"Can we go dig it up?" he asked, literally bouncing at the thought as only a four year old can.
Cheerios still lay uneaten in three breakfast bowls, and my thoughts were already racing far ahead to washing bedclothes, watering drought-stressed plants, and cleaning out the spoiled food in the fridge from this family's two week fast due to illness. Last night's excitement? Not even on my radar.
But for oldest son, this was worth remembering first. Mommy had promised to dig it up tomorrow, and promises meant "yes" even if she had to be reminded.
"Sure," I replied. "You have to find me a shovel first."
Late yesterday afternoon with just a trace of misty rain falling like heavy dew, I sent my children outdoors. I'm sure my grandmother would not have approved. She probably would have told me another story of one of my aunts playing in the rain and then getting quite ill, the kind of story where you just smile and say "yes ma'am" because it's no use arguing by repeating discoveries of modern science she won't remember tomorrow and doesn't need to know anyway.
Besides, all three children had already been running fevers for well over a week anyway. So, I sent them out...actually, I forced them out of this house holding in a week of sweaty sickness, no choice for little girl who constantly complained she was getting wet.
Five minutes of drizzle, maybe ten, enough to leave that post-storm scent in the air, to make my shirt damp enough to send back through the clothes dryer another five minutes. While boys spent their time crying over who should have the shovel and throwing dirt in each other's hair, Amelia "helped" me weed the front flower bed, both of us casually pulling three foot long runners of trespassing grass from around still-blooming roses and clumps of dead-headed verbena.

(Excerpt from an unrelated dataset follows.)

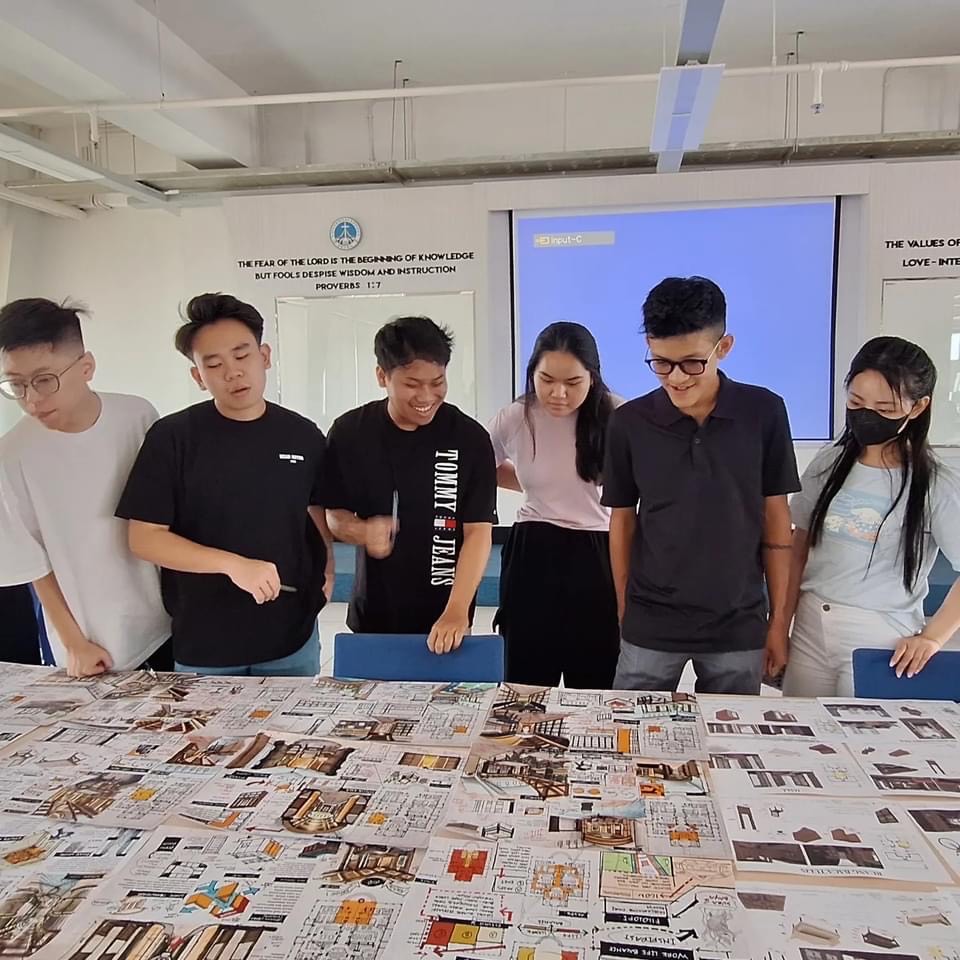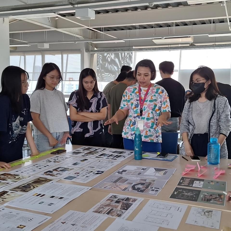 Mahasiswa Program Studi Desain Interior UK Petra sedang berproses ideate di studio gedung Q UK Petra pada tanggal 15 April 2024

"Is this a weed?" Amelia asked as she gripped another trailing verbena stem. I crossed back and forth across the long bed that stretches the length of our home, just passing time, needing to be out versus in. When I reached the bed's end, I walked around versus cutting across between the roses as I had been doing. No real reason.
As as I turned the corner, a yellow jacket flew past and disappeared less than a foot from where I stood. Then came another. As Amelia and I cautiously took a few steps back and stooped down, we watched twenty or more yellow jackets return home for the night, one after another almost evenly spaced in time like they were on some invisible conveyor belt.
It was another nest, tucked invisibly under a mound of grass clippings, a slight indentation in the mulch's straight edge the only evidence of a hole going straight down to a five-story high rise complex for housing and raising more yellow jackets.
After dark when the nest was full again of its inhabitants, husband poured it full of gasoline.
And this morning? I dug it up. With an excited audience of three and a small trowel, I tried to not make the same mistake I did last fall after finding another nest, slicing straight through it and destroying most of the evidence.It might have been an inch beneath the red clay's surface, a work of serious labor in a 12" x 10" hole. While most of its swirled outer paper shell fell apart as I cupped the nest with gloved hands, all five tiers remained together as one unit. At the bottom of the now empty hole lay at least a full measuring cup's worth of dead yellow jackets.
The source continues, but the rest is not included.